■ **SUPPLIED MATERIAL**
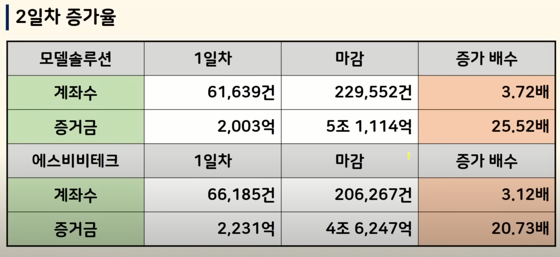 그래서 이들의 2일차 증가율을 계산했고요 모델솔루션은 2일 차 계좌가 3.72배 증거금은 5조 정도로 마감이 되면서 25.52배가 증가했습니다.
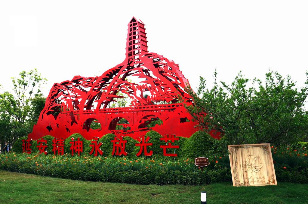 beat365中国官方网站山丹丹大学生创业团队作为主要参与方和参展团队共同设计完成“延安精神,永放光芒”立体景观。立体景观将延安宝塔山、延河水、延河大桥、陕北窑洞民居等有机结合在一起,以陕西特色剪纸艺术结合锈板的形式在园区展示。锈板两侧为山丹丹大学生创业团队以野生山丹丹为母本培育出具有抗倒伏、耐胁迫的新品种。
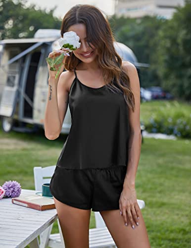 Women's Silk Camisole Nightwear Lingerie Set - Cami Top and Shorts (Black)
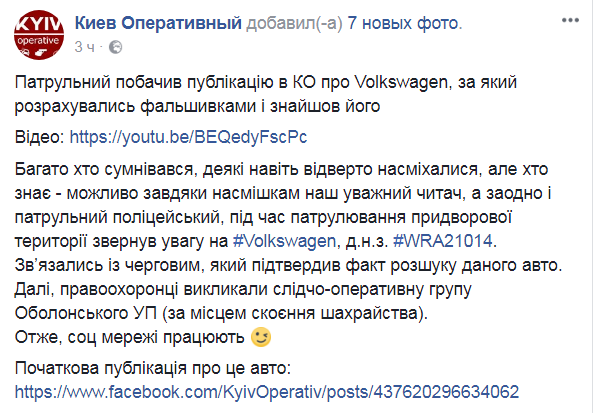 Один из патрульных прочитал публикацию о мошеннически купленном за фальшивые деньги автомобиле Volkswagen и сумел разыскать это авто.
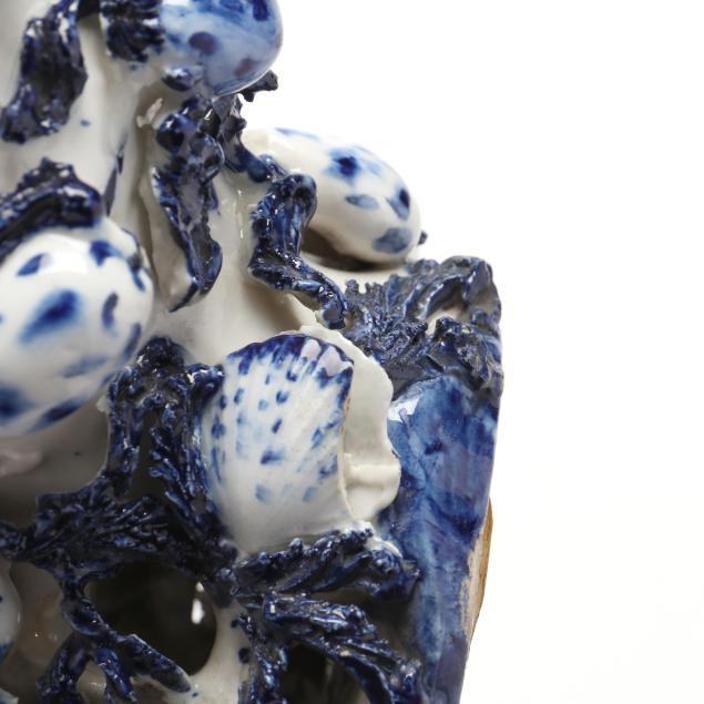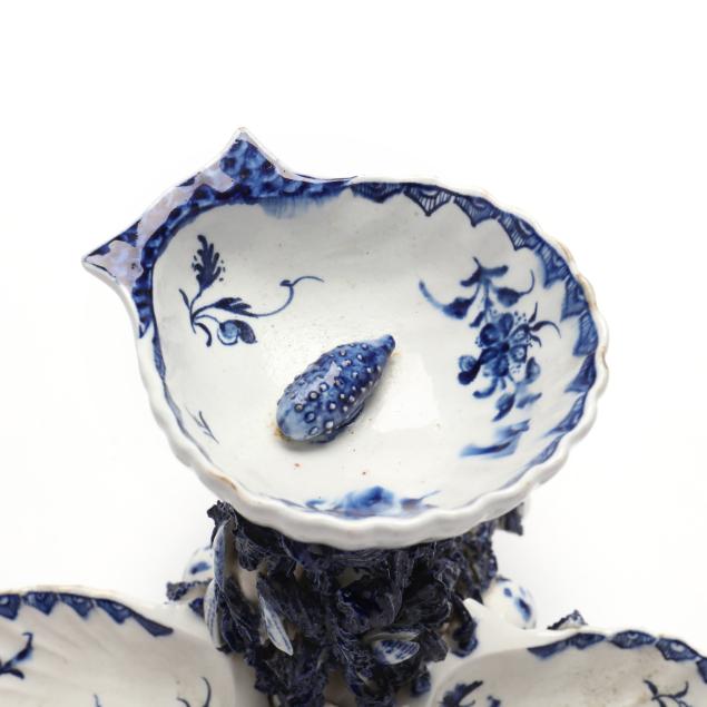 English, probably London, circa 1775, tin glazed earthenware, three dishes, highlighted with blue rims and floral centers, surround a single dish which is supported by a column encrusted with molded 'seaweed' decoration and small shells, not signed
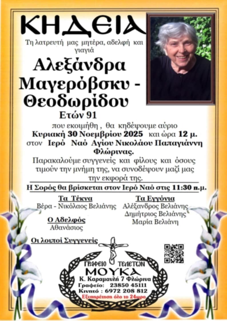 ΚοινωνικάΚηδεία της Αλεξάνδρας Μαγερόβσκυ – Θεοδωρίδου, ετών 91 Σάββατο 29 Νοεμβρίου, 2025 22:28 florinapress.gr SHARE Ίσως να ενδιαφέρει ... Ευχαριστήριο της Διοίκησης του Γενικού Νοσοκομείου Φλώρινας Μνημόσυνα Σαββάτου 5 και Κυριακής 6 Μαρτίου Ευχαριστήριο Συλλόγων Κηδεία της Σουλτάνας Αράπογλου, ετών 77 Κηδεία του Λάζαρου Γαβριηλίδη Share Ακολουθήστε μας8.4kFollowersLikeΤελευταία νέα Αγανακτισμένοι αγρότες : Ως εδώ, η κατάσταση δεν πάει άλλο Κοινωνία Πέμπτη 4 Δεκεμβρίου, 2025 Επισκέψεις Κινητών Μονάδων Υγείας σε απομακρυσμένες Κοινότητες του Δήμου Αμυνταίου Κοινωνία Πέμπτη 4 Δεκεμβρίου, 2025 Ευχαριστήρια επιστολή του Πειραματικού Σχολείου Φλώρινας προς το Κέντρο Περιβαλλοντικής Εκπαίδευσης & Αειφορίας Μελίτης Κοινωνία Πέμπτη 4 Δεκεμβρίου, 2025 Πωλείται Γερμανικός λέβητας ξύλου Κοινωνία Πέμπτη 4 Δεκεμβρίου, 2025

■ **WHAT THE TASK REQUIRES**
An exact copy is required of the lines from the start of the records above through the line with "English, probably London, circa", and only those, without any pictures.

■ **ANSWER TO THE PROBLEM**
 그래서 이들의 2일차 증가율을 계산했고요 모델솔루션은 2일 차 계좌가 3.72배 증거금은 5조 정도로 마감이 되면서 25.52배가 증가했습니다.
 beat365中国官方网站山丹丹大学生创业团队作为主要参与方和参展团队共同设计完成“延安精神,永放光芒”立体景观。立体景观将延安宝塔山、延河水、延河大桥、陕北窑洞民居等有机结合在一起,以陕西特色剪纸艺术结合锈板的形式在园区展示。锈板两侧为山丹丹大学生创业团队以野生山丹丹为母本培育出具有抗倒伏、耐胁迫的新品种。
 Women's Silk Camisole Nightwear Lingerie Set - Cami Top and Shorts (Black)
 Один из патрульных прочитал публикацию о мошеннически купленном за фальшивые деньги автомобиле Volkswagen и сумел разыскать это авто.
 English, probably London, circa 1775, tin glazed earthenware, three dishes, highlighted with blue rims and floral centers, surround a single dish which is supported by a column encrusted with molded 'seaweed' decoration and small shells, not signed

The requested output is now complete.